I have just GOT to run to the top of a hill and scream out “YESSSSSSSS”! I’ve got to get this out of my system so read it just for fun...there is actually a possible lesson here should someone else be in a similar situation.

Setup: Husband 60, wife 58 years old

This guy has had a small IRA with me for a number of years. I ‘inherited’ his account when another broker left so I never personally met or knew the guy although for the couple times we spoke on the phone, we got along very well.
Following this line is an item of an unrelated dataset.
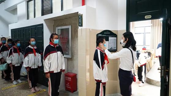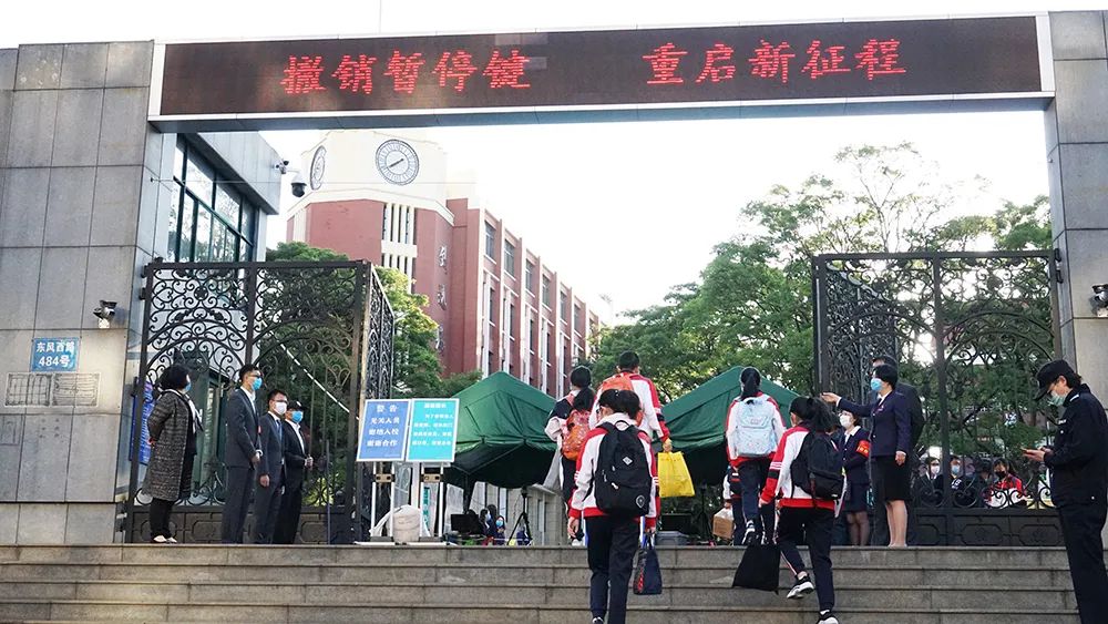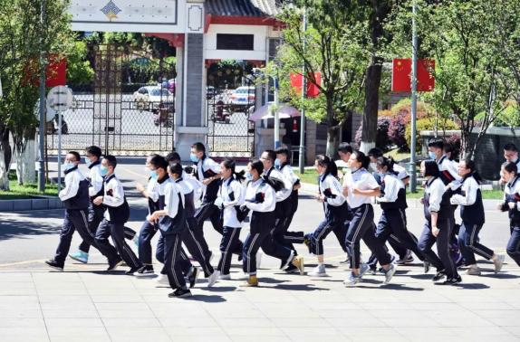 昆明市第五中学同样采取错峰错时入校。7点至7点20分,初三、高三学生进校后;7点20分至7点35分高一、高二学生进校;7点35分至8点,初一、初二学生进校。

Got to be I didn’t hear from him for a year. He never returned my phone calls. Maybe another six months went by...still no returned phone calls. I do not know what to make of it. Finally one day, the wife calls... says he’s got a very rare disease of the kidney. Something like only 100 (or maybe 1000) people get it. Ironically, there is a specialist for that very ailment here in Knoxville so that’s good for him.
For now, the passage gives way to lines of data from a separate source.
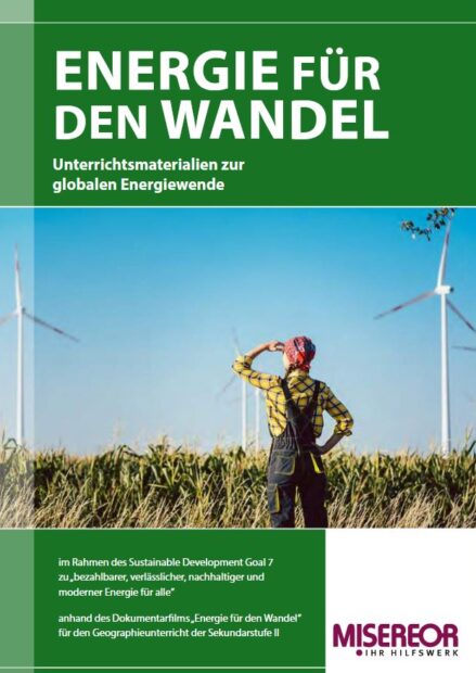 Das Unterrichtsmaterial „Energie für den Wandel“ ergänzt den gleichnamigen Film. In sechs Bausteinen erarbeiten die Schülerinnen und Schüler Themen wie „Nachhaltige Energienutzung“ und „Saubere Energie für alle“, um praxisnahe Lösungen für die Herausforderungen der globalen Energiewende zu finden.
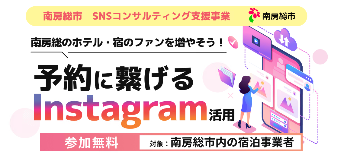 南房総市SNSコンサルティング支援事業「南房総市のホテル・宿のファンを増やそう!予約に繋げるInstagram活用」(別ウインドウで開く)
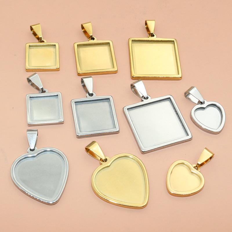 5pcs 10-25mm Inner Size Stainless Steel Square Pendant Cabochon Blank Base Bezel Tray Setting DIY Jewelry Making Accessories
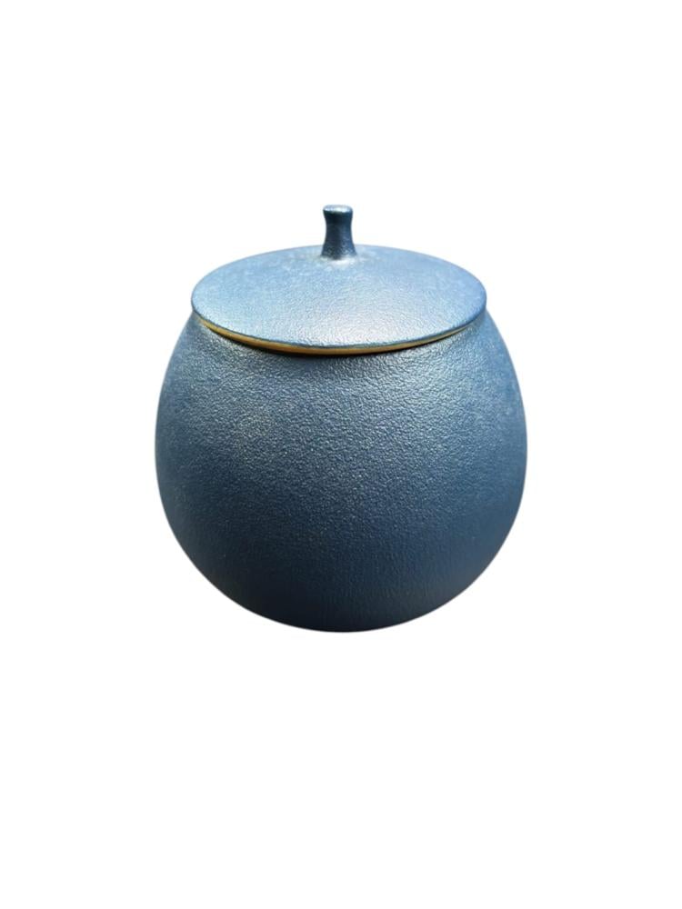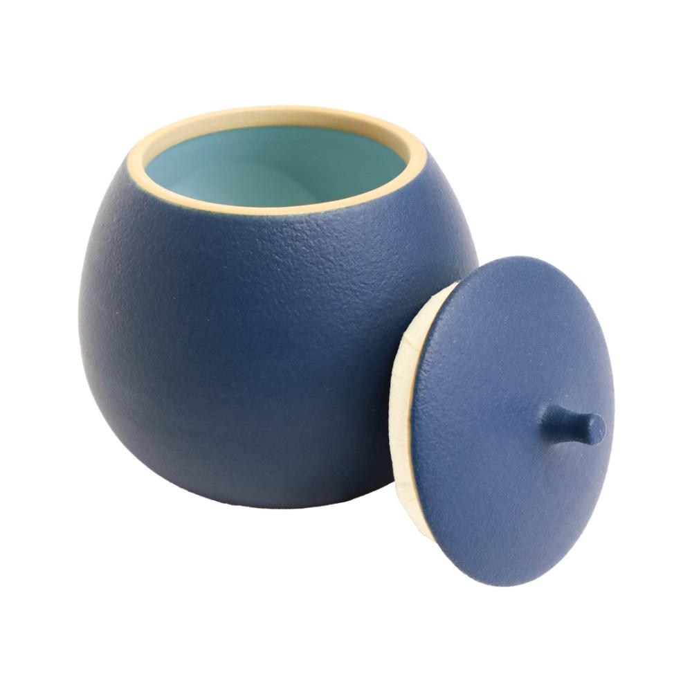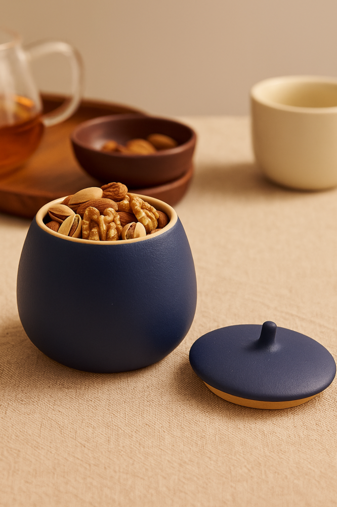 تميّزي بذوق فني عصري مع هذه العلبة الخزفية الفريدة التي تجمع بين اللون الأزرق الملكي الغامق من الخارج وتدرجات التركواز الناعم من الداخل، بلمسة نهائية غير لامعة تضفي شعورًا بالفخامة والرقي. تأتي بغطاء أنيق بلمسة متجانسة مع التصميم، لتكون مثالية للتقديم أو كقطعة ديكور مميزة في أي مساحة.

A couple months later I call again and he’s there. We talk for a bit but it was clear that he was weak (this was a terminal illness).

I didn’t really know what to make of his situation but found out that he’d spent most of the prior year in a hospital and nursing home.
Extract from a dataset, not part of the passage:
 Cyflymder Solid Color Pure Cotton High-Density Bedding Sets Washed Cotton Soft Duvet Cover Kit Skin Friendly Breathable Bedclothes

Wanting to cover several topics with him but not wanting to “waste” his healthy time talking to me on the phone, I decided to write him a letter. This would allow him to read the letter at his leisure, or maybe have it read to him if he was too weak. The letter ended up being three pages long, single spaced. Among other topics, I suggested to him that if he had a 401K, that he should roll it over. Also, that if he hadn’t yet, that he might want to talk to our estate attorney to see if maybe a trust or updated will would make sense for his situation.

A year went by and I never heard back. One day the wife called me and said he had died. Seems he got my letter and just as he received it, he fell ill again and went to a hospital, then nursing home then passed away.

The wife had read my (very compassionate I might add) letter and decided she wanted to deal with me. He indeed had a 401K at a prior employer, he had two other IRA’s, SHE had two IRA’s and they had yet another stock account, all at other firms.

Here’s a couple kickers... first... he did NOT have any beneficiary designation on his 401K plan. Fortunately, the wife was named on his death certificate as surviving spouse so because of that, it defaulted to her. A second twist... she at 58 years old, had an advanced stage of cancer and was not expected to live another year.

So, the challenge to me was take this ill lady (who herself had spent a good part of the year in a hospital) and get their stuff organized.

I had a meeting set up with her “next Monday” and on the Sunday prior, the daughter who lives in Virginia called me at home to cancel. Seems they had to get mom to the hospital again.

That following Thursday, the daughter came to my office. They let her mother out of the hospital on Wednesday to go home and die. There was nothing more they could do with Mom and she wanted to die at home.

Out of simple ignorance, the daughter, who was going to be the executrix, had NO idea of what was looming.

1. Fathers three IRA accounts with mother only as beneficiary.

2. Mothers two IRA accounts with father only as beneficiary.

3. $400,000 401K with NO named beneficiary but automatically goes to mother who has no beneficiaries declared.\

4. Regular stock account that would need to go through probate

The daughter came to my office and I went over these things and told her that unless we put out a Herculean effort, all this 401K and IRA money was going to be coming OUT of the qualified accounts and was going to be taxable.

What was working against me was all of these assets, but for a single account were held by OTHER broker/dealers. I called up each broker/dealer, knowing they can’t talk to me about any specific account information so I had to fight to tell them that I’m asking about ADMINSITRATIVE questions and what forms did we need to move all of Dad’s accounts over to Mom’s name.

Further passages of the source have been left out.